ABOUT THIS EXERCISE —
Retype the listing exactly; omit pictures.

DATASET CONTENT —

▽

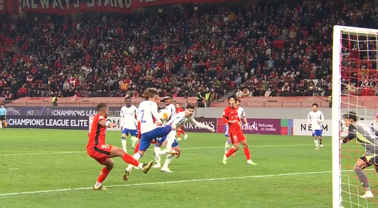 根據賽后鏡頭可以看到,韓國籍主裁金鐘赫向海港球員解釋此球未判的理由是,球先擊中了橫濱球員的大腿,才反彈到手上,因此按照新規(guī)不會判手球。
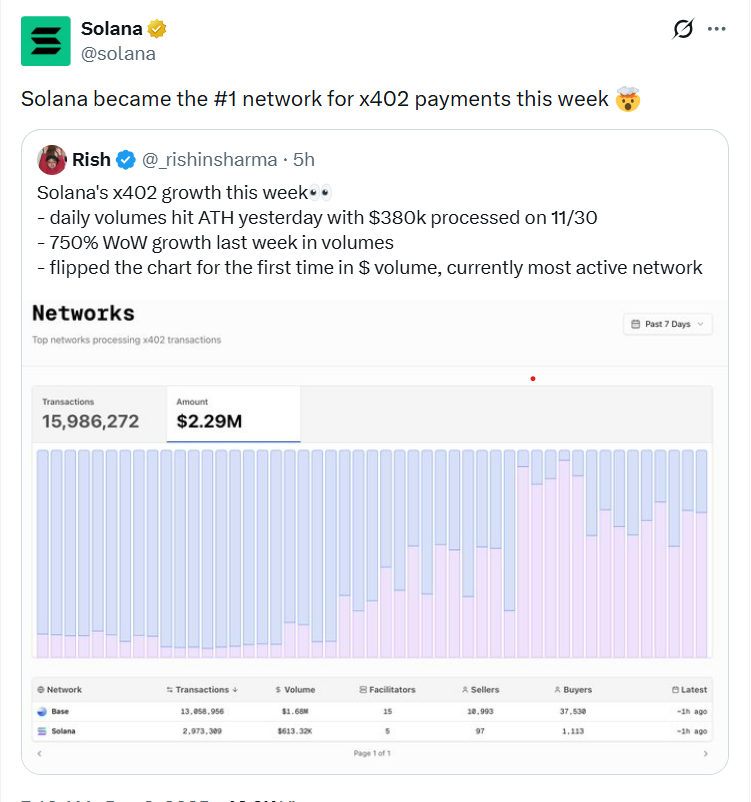 For Solana, establishing itself as the top venue for x402 payments reinforces its proposition that low fees and high throughput are beneficial not just for speculative trading but also for machine-driven micropayments.
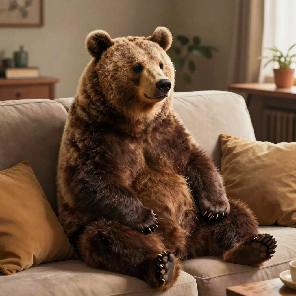 Bear sitting on couch in a cozy living room, surrounded by warm lighting and soft cushions, relaxed and gazing thoughtfully, realistic fur texture, natural earthy colors, high detail, digital painting style

△

WRITTEN SOLUTION —
 根據賽后鏡頭可以看到,韓國籍主裁金鐘赫向海港球員解釋此球未判的理由是,球先擊中了橫濱球員的大腿,才反彈到手上,因此按照新規(guī)不會判手球。
 For Solana, establishing itself as the top venue for x402 payments reinforces its proposition that low fees and high throughput are beneficial not just for speculative trading but also for machine-driven micropayments.
 Bear sitting on couch in a cozy living room, surrounded by warm lighting and soft cushions, relaxed and gazing thoughtfully, realistic fur texture, natural earthy colors, high detail, digital painting style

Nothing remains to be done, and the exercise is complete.